Outro ponto importante é a escolha dos exercícios, pois, devido as características dos músculos dependendo da posição em que a articulação a qual ele atravessa estiver e qual a amplitude de movimento em que a carga será movimentada, diferentes tipos de fibra dentro do músculo atuarão e por consequência serão submetidas a diferentes níveis de tensão ao longo da execução do exercício o que pode impactar a hipertrofia (NEWMIRE e WILLOUGHBY, 2018).

Conclusão

Variar de maneira programada os exercícios movimentando as articulações em diversos planos, com diferentes ações, utilizar técnicas de treino proporcionando altos volumes para os grupos musculares ao longo do tempo, intercalando com períodos de baixo volume, quando necessário, (visando a recuperação muscular ou aderência em situações específicas) trará melhores ganhos em hipertrofia.

Podemos aplicar esses conceitos para músculos que necessitam de maior desenvolvimento ou que você nota ou quer uma necessidade de desenvolver. Você pode aumentar a carga, número de repetições por série, número de séries e variar os exercícios de maneira programada.

Referências:

AHTIAINEN, Juha P. et al. Exercise type and volume alter signaling pathways regulating skeletal muscle glucose uptake and protein synthesis. European journal of applied physiology, v. 115, n. 9, p. 1835-1845, 2015.

Krieger, JW. Single vs. multiple sets of resistance exercise: A metaregression. J Strength Cond Res 23: 1890–1901, 2009

Krieger, JW. Single vs. multiple sets of resistance exercise for muscle hypertrophy: A meta-analysis. J Strength Cond Res 24: 1150–1159, 2010.

Schoenfeld, BJ. The mechanisms of muscle hypertrophy and theirapplication to resistance training. J Strength Cond Res 24: 2857–2872,2010.

CINTINEO, Harry P. et al. Acute Physiological Responses to an Intensity-And Time-Under-Tension-Equated Single-vs. Multiple-Set Resistance Training Bout in Trained Men. The Journal of Strength & Conditioning Research, v. 32, n. 12, p. 3310-3318, 2018.

Schoenfeld, BJ, Ratamess, NA, Peterson,MD, Contreras, B, Sonmez, GT, and Alvar, BA. Effects of different volume-equated resistance training loading strategies on muscular adaptations in well-trained men. J Strength Cond Res 28: 2909–2918, 2014.

SCHOENFELD, Brad J.; OGBORN, Dan; KRIEGER, James W. Dose-response relationship between weekly resistance training volume and increases in muscle mass: A systematic review and meta-analysis. Journal of sports sciences, v. 35, n. 11, p. 1073-1082, 2017.
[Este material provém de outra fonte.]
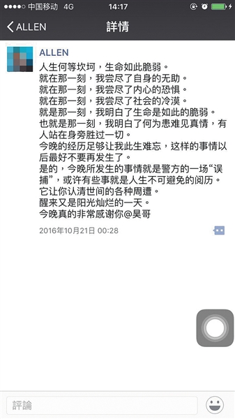 事后,被錯抓的大學(xué)生黃誠發(fā)朋友圈感慨“嘗盡恐懼”。

EFTESTØL, Einar et al. Increased hypertrophic response with increased mechanical load in skeletal muscles receiving identical activity patterns. American Journal of Physiology-Cell Physiology, v. 311, n. 4, p. C616-C629, 2016.

NEWMIRE, Daniel E.; WILLOUGHBY, Darryn S. Partial Compared with Full Range of Motion Resistance Training for Muscle Hypertrophy: A Brief Review and an Identification of Potential Mechanisms. The Journal of Strength & Conditioning Research, v. 32, n. 9, p. 2652-2664, 2018.

FIGUEIREDO, Vandré Casagrande; DE SALLES, Belmiro Freitas; TRAJANO, Gabriel S. Volume for muscle hypertrophy and health outcomes: the most effective variable in resistance training. Sports Medicine, v. 48, n. 3, p. 499-505, 2018.